MP quer estender auxílio para filho de preso a todo País

O Ministério Público Federal (MPF) em Campinas (a 95 quilômetros de São Paulo) recorreu ao Tribunal Regional Federal da 3ª Região, em São Paulo, para estender a todo o País os efeitos de uma liminar concedida pela Justiça Federal no município que prevê o pagamento do auxílio-reclusão aos filhos de presos em regime fechado, segurados do Instituto Nacional de Seguro Social (INSS), nascidos após 300 dias da data da prisão do pai.

TATIANA FAVARO, Agencia Estado

25 de março de 2009 | 20h40

Uma instrução normativa de 4 de junho de 2008 resguarda o direito apenas aos filhos nascidos até 300 dias após a data da prisão do pai. "Os presídios permitem os encontros íntimos e muitas mulheres geram esses filhos com os pais na cadeia. Nesses casos, o filho nascia depois de 300 dias da prisão e o auxílio era negado", explicou o procurador Paulo Gomes. Segundo ele, três casos como o que ele descreve foram identificados em Campinas em 2008. "Entendemos que limitar esse benefício é ilegal", afirmou.

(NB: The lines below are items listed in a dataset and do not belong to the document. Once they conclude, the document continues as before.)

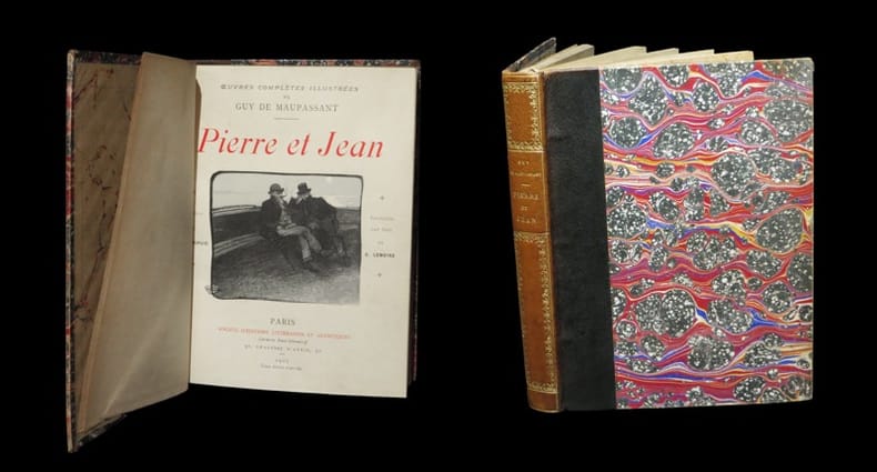 Exemplaire revêtu d'une reliure décorative du temps. L'ouvrage s'agrémente - ici en premier tirage - de jolies compositions de Géo Dupuis. ''Natif du Havre, il commença à travailler chez l'éditeur Ollendorff et se consacra, jusqu'en 1905, à l'illustration de livres''. (in Osterwalder). L'ouvrage s'ouvre sur la célèbre préface de Maupassant - qui ne figurera pas dans l'édition de 1894 - intitulée Le Roman, au sein de laquelle l'auteur expose en sa vision du roman naturaliste et critique le genre de l’étude psychologique. ''Tout les oppose. Alors que Jean est blond, calme, doux, de caractère égal, Pierre est noir, emporté, rancunier, exalté. Tant que rien n'ébranle l'équilibre familial, les deux frères mènent une vie apparemment paisible. Mais lorsqu'un ami de la famille lègue toute sa fortune à Jean, la jalousie que Pierre nourrit pour son frère cadet éclate au grand jour. Il enquête alors pour découvrir les raisons de cet incompréhensible héritage, au risque de sacrifier son bonheur... Célèbre tant pour le récit que pour sa préface conçue comme une réflexion sur le roman, cette oeuvre naturaliste constitue une pièce maîtresse de l'oeuvre de Maupassant.'' Talvart & Place XIII, Bibliographie des auteurs modernes, 259 - Carteret III, Le Trésor du bibliophile / Livres illustrés modernes, p. 270 - Carteret IV, Le Trésor du bibliophile / Illustrés modernes, p. 124 - Osterwalder II, Dictionnaire des illustrateurs, p. 337. Angles et coupes légèrement élimés. Dos insolé. Rousseurs dans le corps d'ouvrage ; dont quelques feuillets sont davantage pourvus. Du reste, belle condition.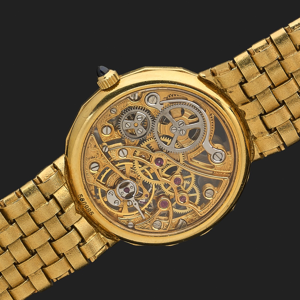 Montre bracelet de femme en or jaune, cadran et fond squelette dévoilant son mouvement mécanique, lunette ornée de diamants. Bracelet or jaune, maillons ciselés articulés avec fermoir à cliquet en or jaune. Signée et numérotée 560985.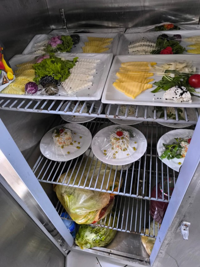 Baxış zamanı müəssisənin qida təhlükəsizliyi qeydiyyatdan keçmədən fəaliyyət göstərdiyi, işçilərin tibbi müayinədən keçirilmədiyi, heyvan mənşəli məhsulların müvafiq baytarlıq sənədlərinini olmadığı, emal üçün ayrıca sahələrin təşkil edilmədiyi, manqal sahəsinin tavanında qopuqlar və soyuducuların rəflərində isə paslanma müşahidə edilib.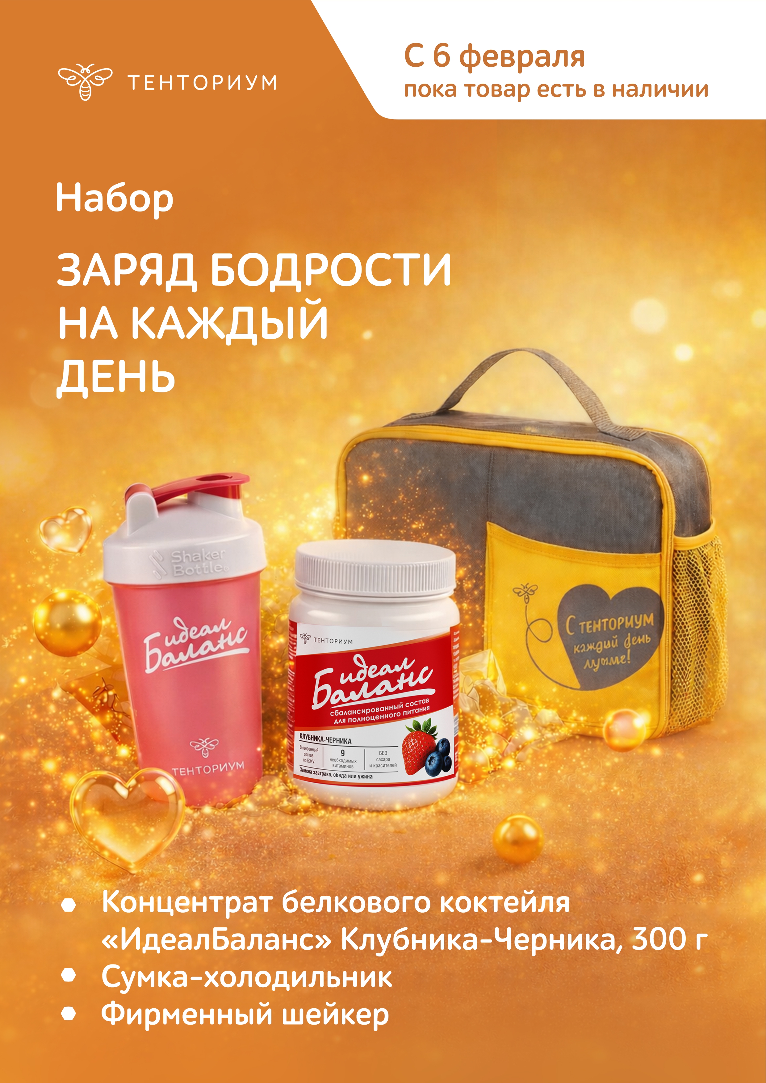 Внутри – сбалансированный белковый коктейль "ИдеалБаланс" со вкусом клубники и черники (300 г) и эргономичный шейкер, который позволит приготовить напиток за считанные секунды!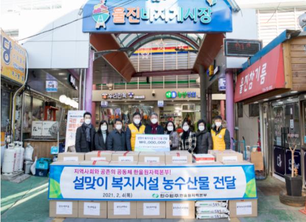 또한 한울본부는 지난 2월 4일 울진군 관내 8개 복지시설에는 울진바지게시장에서 구입한 600만 원 상당의 지역농수산물을, 북면·죽변면 거주 350여 어려운 가정에는 700만원 상당의 지역 특산품을 전함으로써 지역경제 활성화에 앞장서는 동시에 관내 취약계층에 이웃사랑을 실천했다.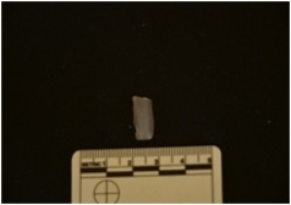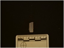 | Description / विवरण | Chalcedony blade fragment has two ridges on dorsal side, striking platform, bulb on ventral side, broken from distal end and retouches on edges. |

O auxílio-reclusão é um benefício garantido ao segurado que for preso por qualquer motivo, durante todo o período da reclusão, desde que o detento não receba salário da empresa, auxílio-doença, aposentadoria ou abono de permanência em serviço. Não há tempo mínimo de contribuição para que a família do segurado tenha direito ao benefício. O valor varia conforme a contribuição.

A Justiça Federal em Campinas acompanhou o pedido da Procuradoria e, em 17 de fevereiro, concedeu liminar para o pagamento do auxílio-reclusão também para as crianças nascidas após os 300 dias de reclusão do pai. A decisão vale para 35 municípios da região de Campinas. "Como sabemos que isso ocorre em todo o país em ações individuais, e que muitas vezes as pessoas não podem contratar um advogado e simplesmente desistem desse direito, recorremos ao TRF. Uma ação civil pública com efeitos nacionais visa evitar a proliferação desses processos individuais", afirmou Gomes.

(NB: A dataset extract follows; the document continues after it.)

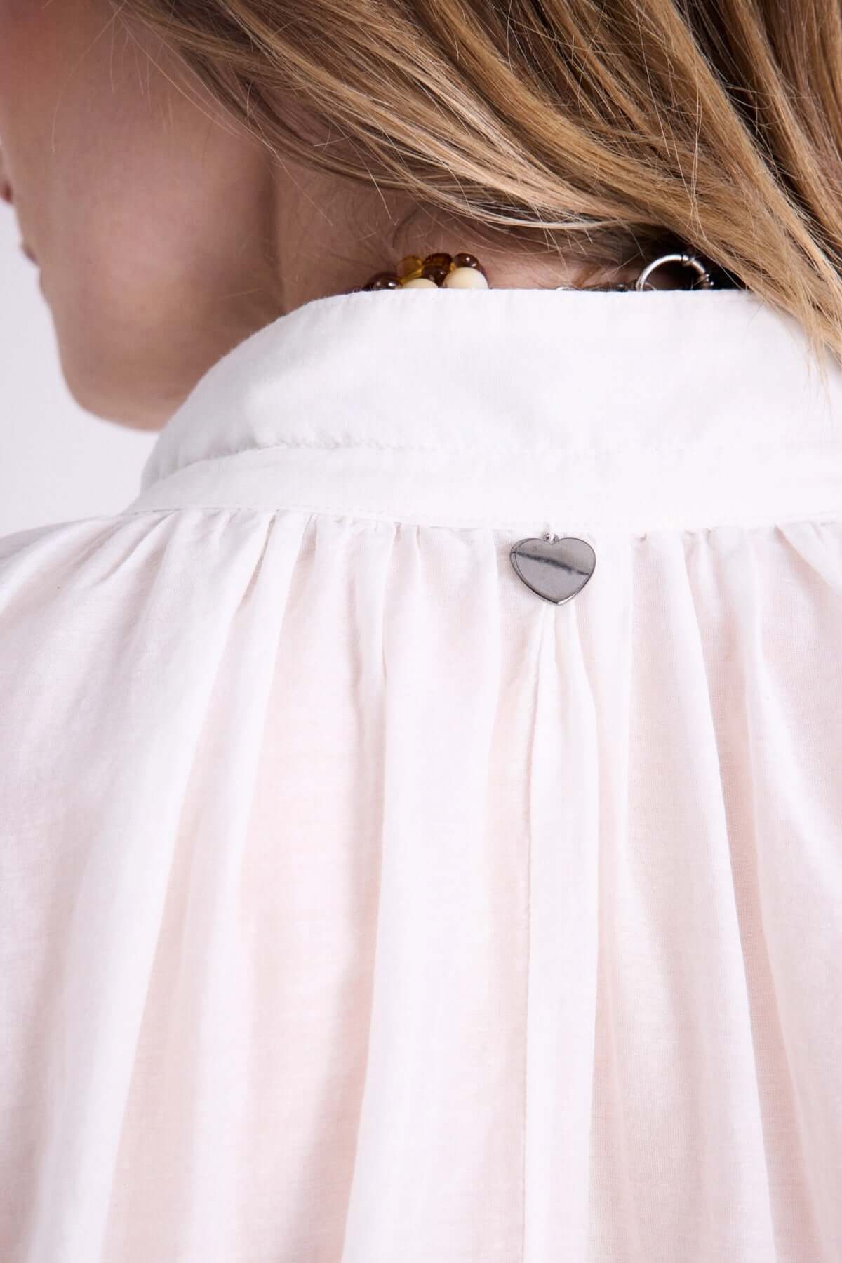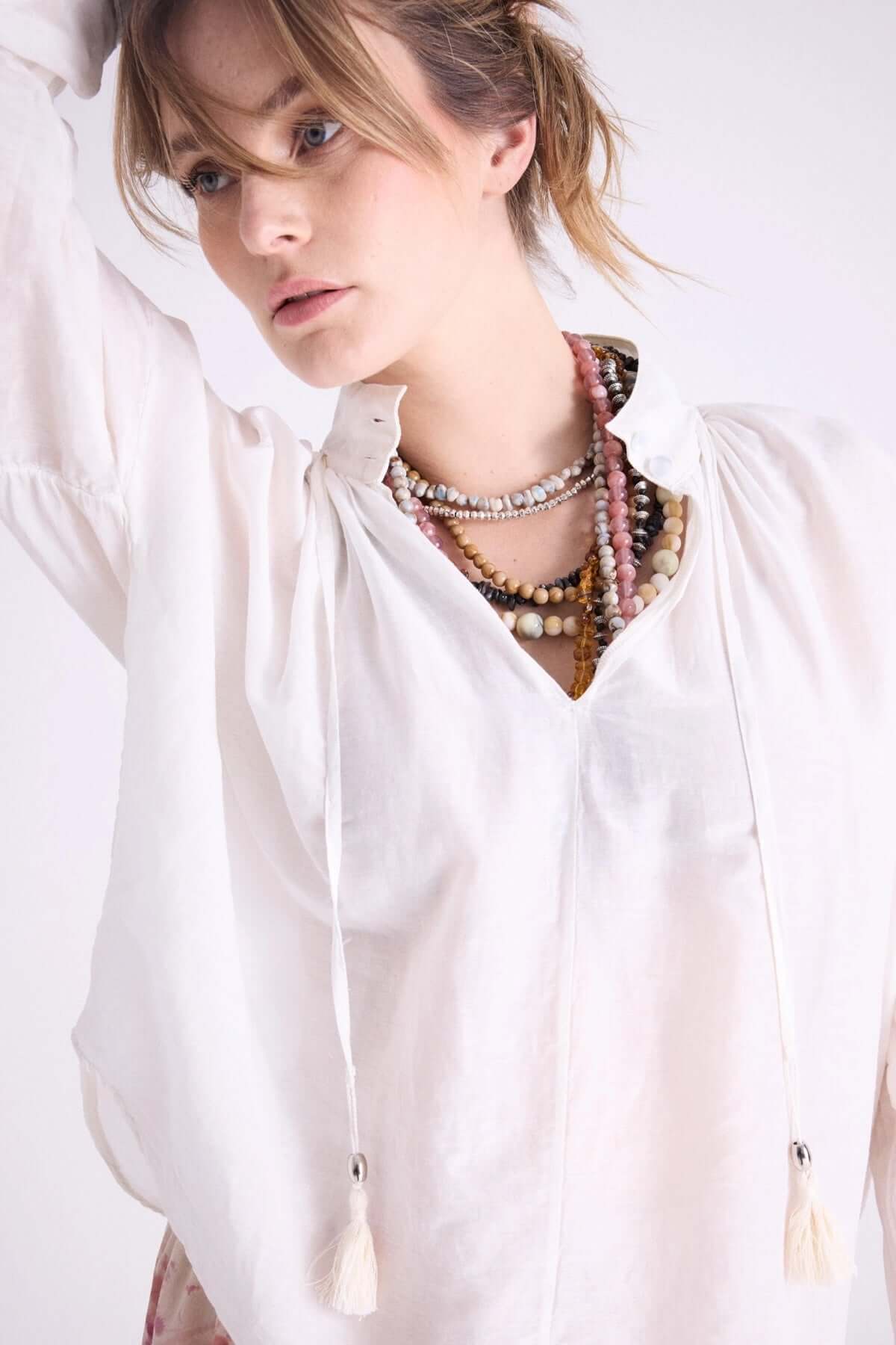 Blouse légère blanche à capuche avec cordons, accessorized avec des colliers colorés, esprit bohème.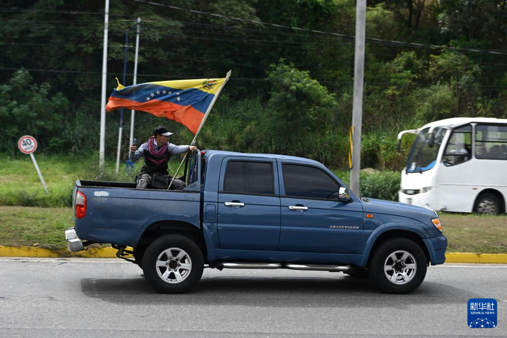 1月13日,一名男子在委内瑞拉加拉加斯乘坐皮卡参加示威活动,抗议美国对委内瑞拉发动军事打击。

O Ministério da Previdência informou, por meio de assessoria, que entrou com embargo de declaração na Justiça para pedir esclarecimentos sobre o teor da decisão. O órgão informou que a liminar é local e está em vigor na região. Quanto a estender os efeitos para todo o País, há possibilidade de recurso, que está sendo avaliada.